Mank exchanges barbs with Hollywood potentate Louis B. Mayer (Arliss Howard), a close friend of Hearst’s who has little patience for the screenwriter’s liberal views and who sneers at Mank’s addiction to alcohol and gambling. Initially, MGM studio boss Mayer, the control-freak creator of Hollywood’s exploitative “star system,” tolerates Mank because of the man’s talent as both writer and script doctor — he had a hand in fixing “The Wizard of Oz,” among other films — and because Mank somehow amuses Hearst.
The sozzled screenwriter also befriends Hearst’s decades-younger mistress, the actress Marion Davies (Amanda Seyfried), whom Mank, hungover and dishevelled as always, meets when he wanders onto a film set and spots her tied to a post like Joan of Arc for an impending fiery scene. “Well, what’s at stake here?” he deadpans, to her delight.
The relationship between the scribe and showgirl is the film’s most affable pairing. The duo we see curiously little of, given the film’s subject, is Mank and Welles. Their encounters are more via telephone than in person.

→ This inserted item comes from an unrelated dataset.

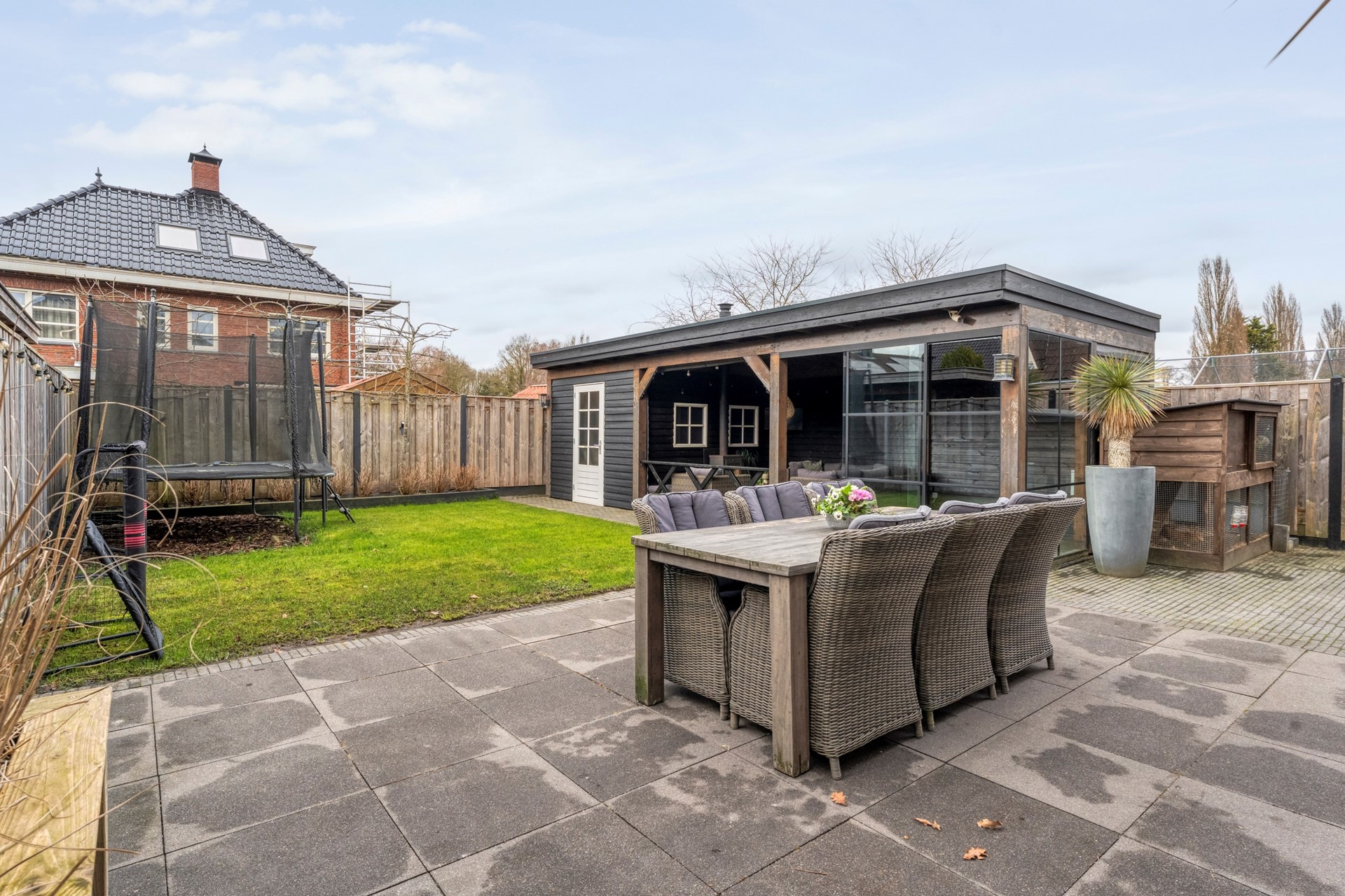 Open vanaf het voorjaar de deur naar buiten en beleef het echte tuingevoel. Niet alleen beschik je over een ruime achtertuin, ook kun je in het fraaie tuinhuis al vroeg in het voorjaar genieten van een kopje koffie of op lange zomeravonden tot laat buiten zitten. Wie wil hier nou niet bbq'en met familie of vrienden, terwijl de kinderen veilig spelen in het gras?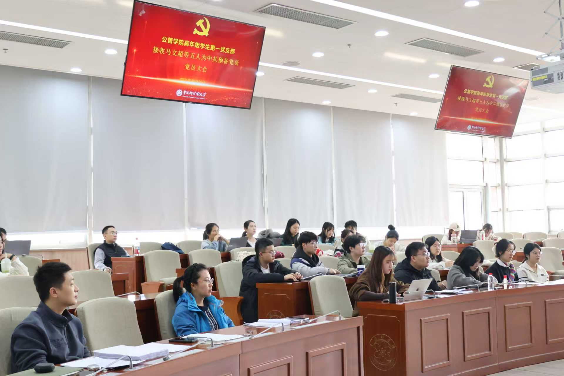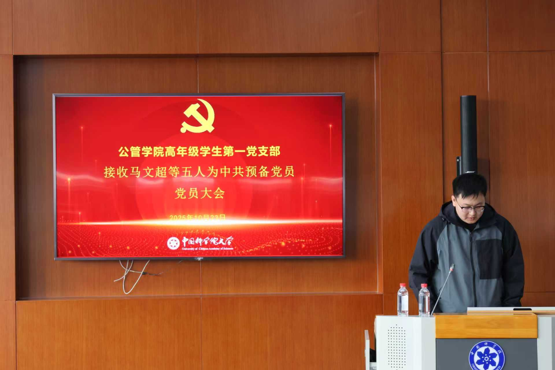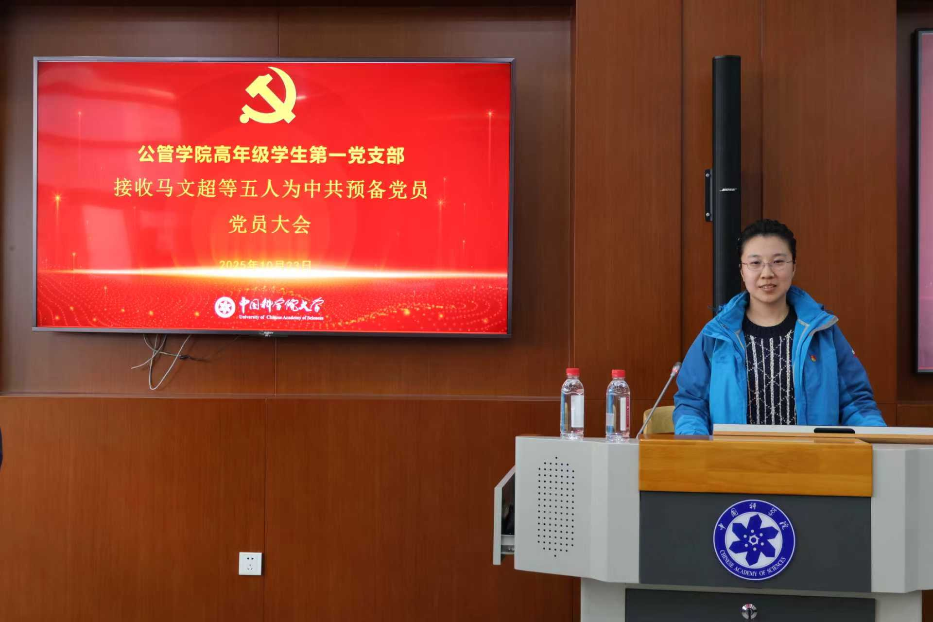 10月23日(周四)14:00,中国科学院大学公共政策与管理学院(以下简称“公管学院”)高年级学生第一党支部在中关村校区教学楼S406召开党员大会,讨论接收马文超、王千予、冯卓、成诗雨、高雪等五人为中共预备党员相关事宜。公管学院党总支委员殷宗萍出席会议,大会由公管学院高年级学生第一党支部书记李金潇主持。

Speculation about who wrote what for “Kane” will continue to bubble, although Fincher and his late father clearly side with the “Mankiewicz did it” school of thought.
“Mank” is an intense and sometimes hermitic affair, much like “Citizen Kane” itself. The difference is that Fincher and Oldman breathe life into a captivating flesh-and-blood figure while the title totem of “Kane” remains largely a creature of furious imagination, frozen in time and space.